TASK INPUT.
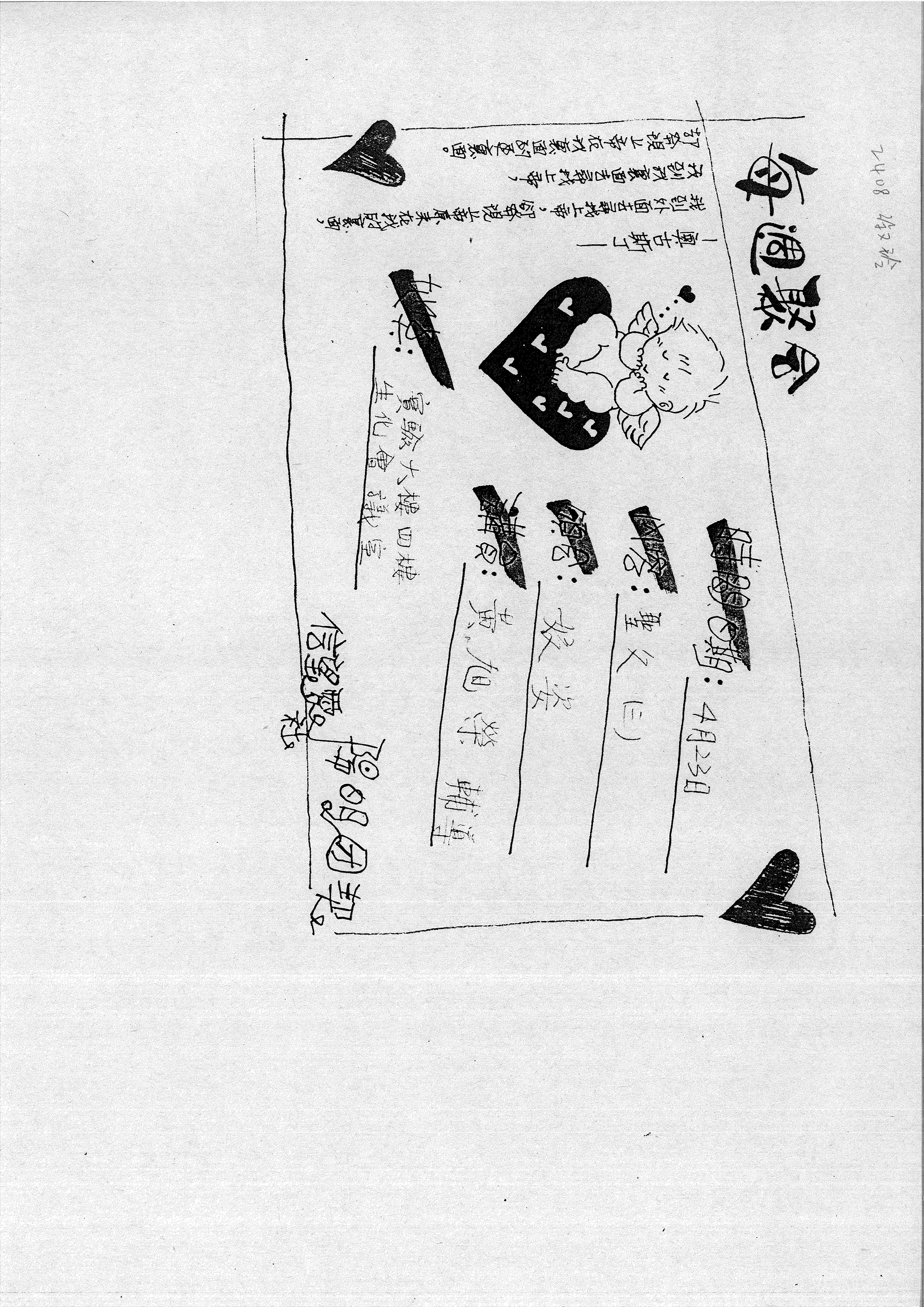 ← 屬於文件:國立陽明醫學院 81學年度信望愛社會議及活動記錄 (38 頁 · 聚會筆記)此頁為一場每週聚會的通知,列出了聚會日期、講員黃旭榮輔導、以及地點。頁面中也引用了奧古斯丁關於尋找上帝的語錄。
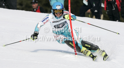 Ofterschwang ,Germany - 04.03.2012 : Tanja Poutiainen of Finland skiing in first run of women slalom race of Audi FIS Alpine skiing World cup in Ofterschwang, Germany. Women slalom race of Audi FIS Alpine skiing World cup was held in Ofterschwang, Germany, on Sunday, 4th of March 2012. Photo by: Tomaz Jeroncic
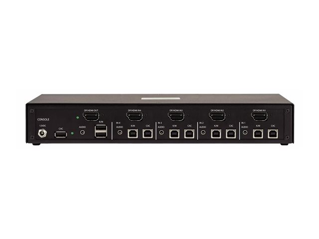 The StarTech.com CK4-HP104C is a versatile KVM, audio, and USB switch that provides efficient management of multiple displays and devices. It supports quad display configurations and can handle up to 4 K at a 60 Hz refresh rate, ensuring a smooth viewing experience. With input options for HDMI and DisplayPort, alongside USB interfaces, users can switch between devices, enhancing productivity in any environment. The compact desktop form factor is backed by features such as anti-tampering protection, metal housing, and support for Common Access Cards (CAC), ideal for secure settings.
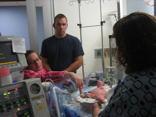 Other promising news: He's been doing a great job with oral therapy and is a great sucker! Yay! Also, he is doing really well with his feeding schedule and digesting my milk. Yay! And his gag reflex is getting stronger and more consistent! They are even going to introduce a bottle to see how he does with it. And very soon (like tomorrow maybe) we will get to start doing non-nutritive sucking after I pump. His eyes are responsive, too, and all this combined means his brain stem is probably in good shape. Yay! Yay! Yay! Please pray for continued success in feedings.
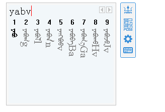 每个音节的首字母必输、其余字母可以省略。如输入蒙古文词??????????只需要输入(aqlh),候选框中便出现该词图。但其出现位置比较靠后,在输入码a后补充i,即可将该词提升到第一个位置图。以此类似,可通过补充每个音节首字母后的其余字母,直至您需要的词出现为止或出现在候选框靠前位置。
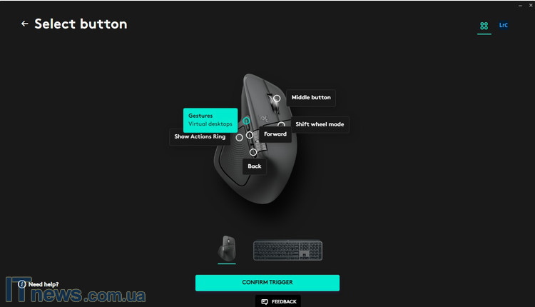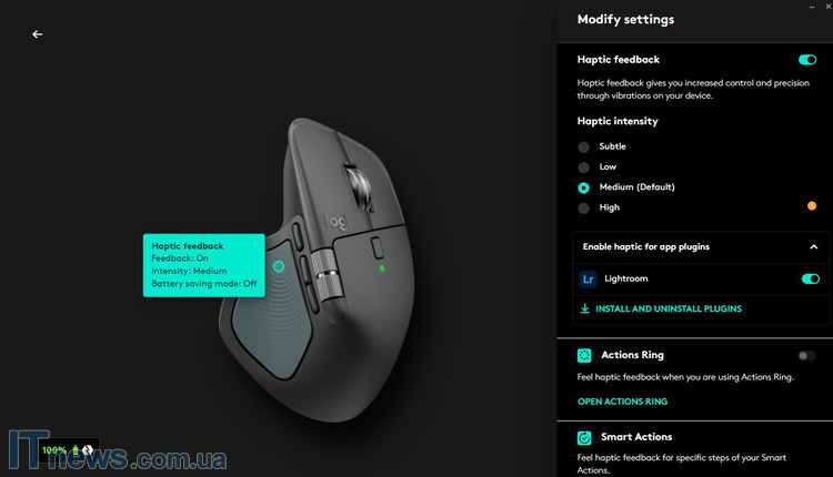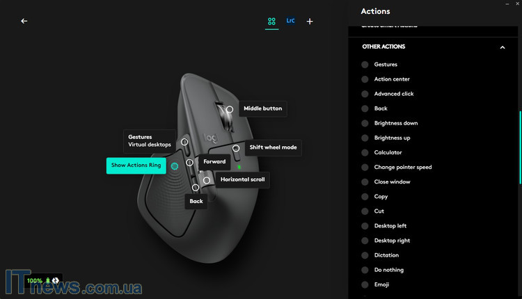 Далі поговоримо за функціональність, яка вигідно вирізняє MX Master 4 на фоні можливих конкурентів – особливостях Haptic Sense Panel та Actions Ring.
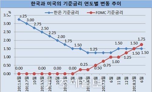 - ¹Ì±¹ ¿¬¹æÁغñÁ¦µµ(Fed)°¡ ±âÁرݸ®¸¦ ÀλóÇÔ¿¡ µû¶ó Çѹ̰£ ±âÁرݸ® °ÝÂ÷°¡ 0.25~0.50%·Î È®´ëµÆ´Ù. ¹Ì±¹Àº 2015³â 12¿ù Á¦·Î(0) ±Ý¸® ½Ã´ëÀÇ Å»ÇǸ¦ ¼±¾ðÇÑ ÀÌ·¡ Áö³ 13ÀϱîÁö 7Â÷·Ê ±Ý..
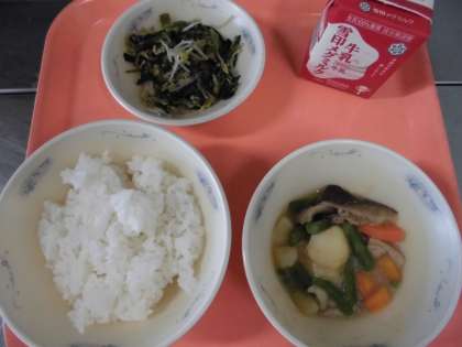 ごはん・牛乳・豚肉と野菜の煮つけ・ほうれん草ともやしのごま煮
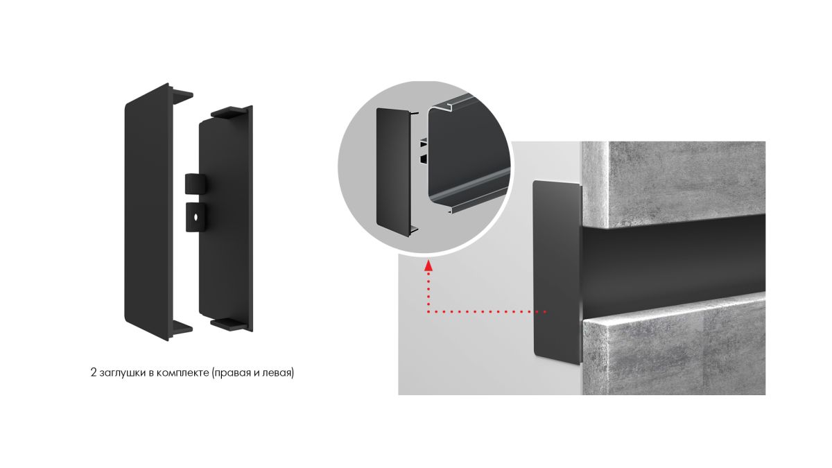 В комплект входит: левая и правая заглушки, 2 винта для крепления заглушки к профилю, ключ-шестигранник для фиксации винтов.
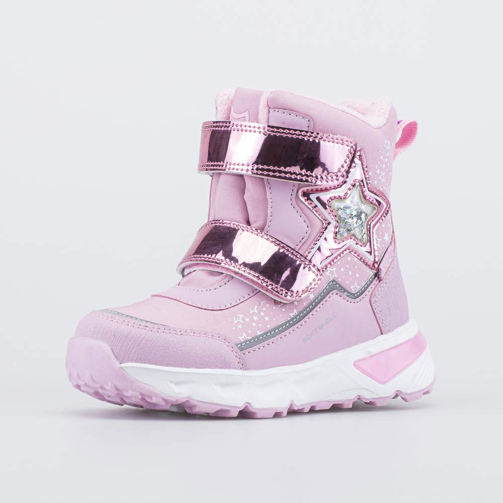 Мембранные ботинки розового цвета для девочки-дошкольницы выполнены с применением технологии SoftShell.
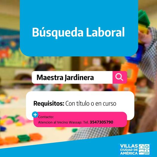 Desde la Comuna de Villas Ciudad de América convocan a cubrir vacante en el puesto de Maestra Jardinera para instituciones de esta localidad.
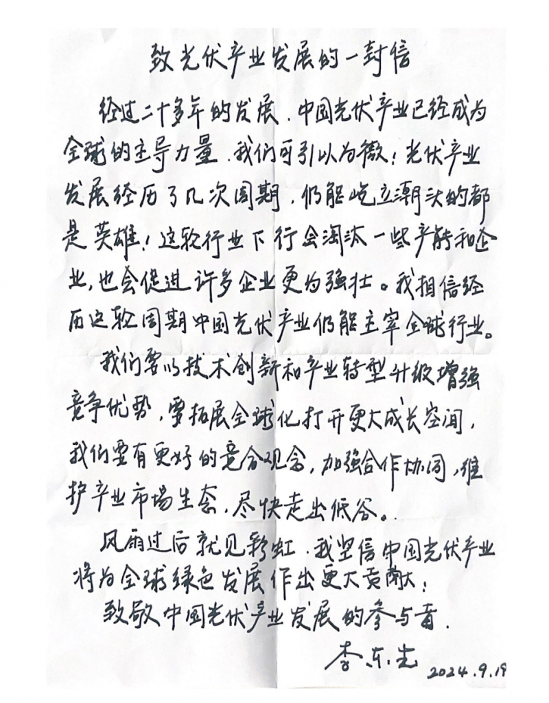 《致中國光伏的一封信》
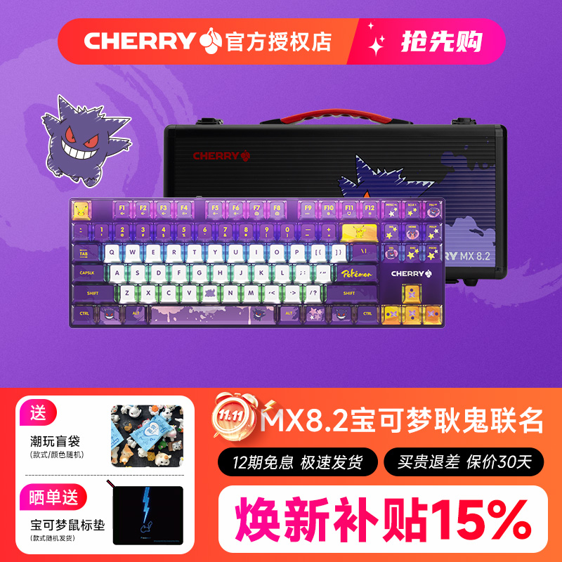 CHERRY樱桃MX8.2无线三模RGB机械键盘游戏电竞87键宝可梦耿鬼联盟
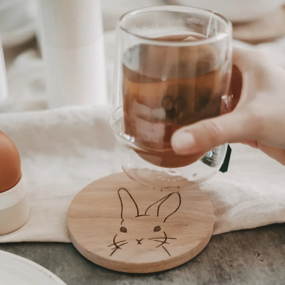 Auf diesem niedlichen Häschen möchte man fast kein Glas abstellen! Wagt man es dennoch, schützt der 11 cm große Untersetzer aus Eiche Deine Möbel vor hässlichen Getränkekringeln und bereichert Deine österliche Tischdekoration. Entdecke die natürlichen Produkte von Eulenschnitt und lasse Dich inspirieren.

WHAT YOU HAVE TO DO. Only the lines from the start of the records to the line with "Ofterschwang ,Germany - 04.03.2012" belong in the copy. Print them exactly, minus pictures.

FINISHED TASK.
 ← 屬於文件:國立陽明醫學院 81學年度信望愛社會議及活動記錄 (38 頁 · 聚會筆記)此頁為一場每週聚會的通知,列出了聚會日期、講員黃旭榮輔導、以及地點。頁面中也引用了奧古斯丁關於尋找上帝的語錄。
 Ofterschwang ,Germany - 04.03.2012 : Tanja Poutiainen of Finland skiing in first run of women slalom race of Audi FIS Alpine skiing World cup in Ofterschwang, Germany. Women slalom race of Audi FIS Alpine skiing World cup was held in Ofterschwang, Germany, on Sunday, 4th of March 2012. Photo by: Tomaz Jeroncic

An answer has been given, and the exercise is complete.